- Stable release: 1.52.1 / 6 March 2026; 4 months ago
- Written in: C
- Operating system: Cross-platform
- Platform: Linux, Android, Windows and OS X/Darwin, FreeBSD, OpenBSD
- Type: I/O abstraction library
- License: MIT
- Website: libuv.org
- Repository: github.com/libuv/libuv ;

= Libuv =

Software library for asynchronous I/O

libuv is a multi-platform C library that provides support for asynchronous I/O based on event loops. It supports epoll(4), kqueue(2), Windows IOCP, Solaris event ports and, since version 1.45.0, Linux io_uring for select asynchronous file operations. It is primarily designed for use in Node.js but is also used by other software projects.
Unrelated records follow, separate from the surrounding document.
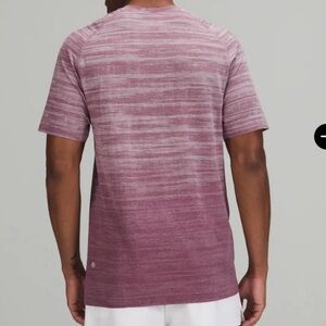 USED Lululemon Metal Vent Tech Short Sleeve Static Storm Stripe Plum/Dusty Rose
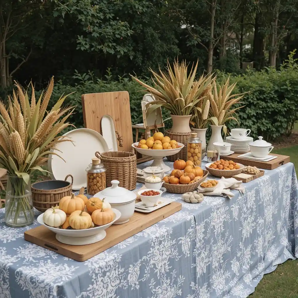 Set up a buffet table with enamelware, wooden boards, and baskets. Add seasonal decor like corn stalks and mini pumpkins to tie in the Thanksgiving look.
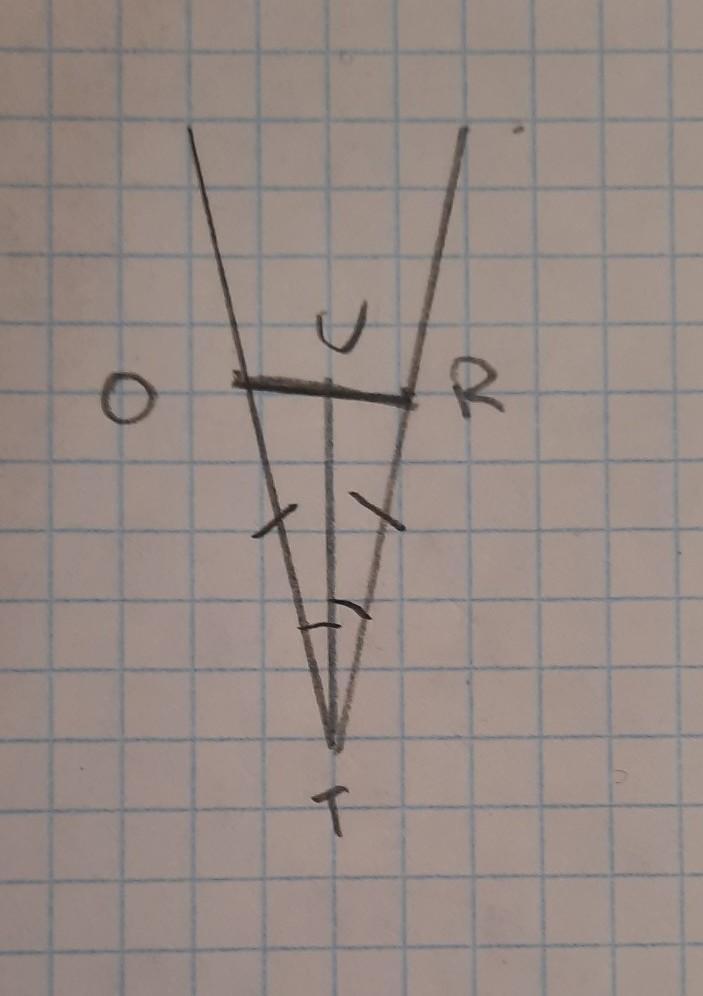 2.Луч TU – биссектриса угла. На сторонах угла отложены равные отрезки TO и TR. Запишите равные элементы треугольников TOU и TRU и определите, по какому признаку треугольники равны.
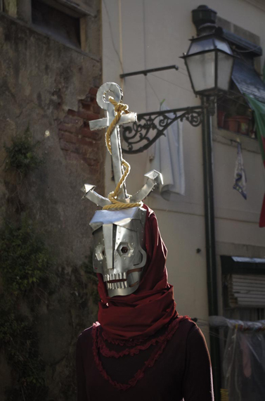 As a result of this investigative journey of the culture and local technique, Doitschinoff created an act with characters wearing masks re-enacting a religious procession, in which the public could follow the procession through the narrow streets of Lisbon towards the installations.
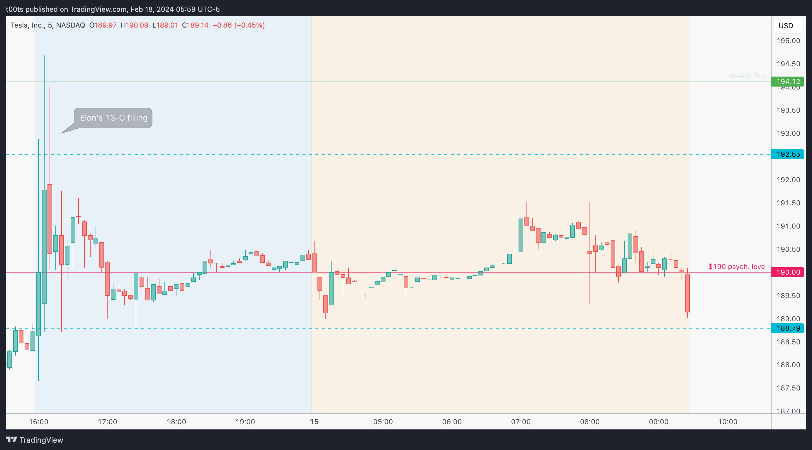 Notice the spike in after-hours leading to today's session. A 13-G filling filed after the close and led to a lot of confusion with regard to Elon increasing his stake in the company from 13% to 20%, which was finally not the case. Nevertheless, this surely brought some attention to the stock on the following day.
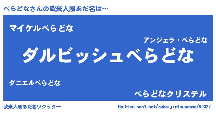 | 男性向けラノベタイトル風あだ名 | 『べらどなという概念が存在しない退屈な世界 』 |

It was originally an abstraction around libev or Windows IOCP, as libev does not support IOCP. In node-v0.9.0's version of libuv, the dependency on libev was removed.

==Features==
From:
- Full-featured event loop backed by epoll, kqueue, IOCP, or event ports
- Asynchronous TCP and UDP sockets
- Asynchronous DNS resolution
- Asynchronous file and file system operations
- File system events
- ANSI escape code controlled TTY
- IPC with socket sharing, using Unix domain sockets or named pipes (Windows)
- Child processes
- Thread pool
- Signal handling
- High resolution clock
- Threading and synchronization primitives

== Origin of the name ==
According to libuv developer Ben Noordhuis, the name libuv originally had no specific meaning, but as people kept asking about it, they made something up. They came up with Unicorn Velociraptor, which became the logo of the library.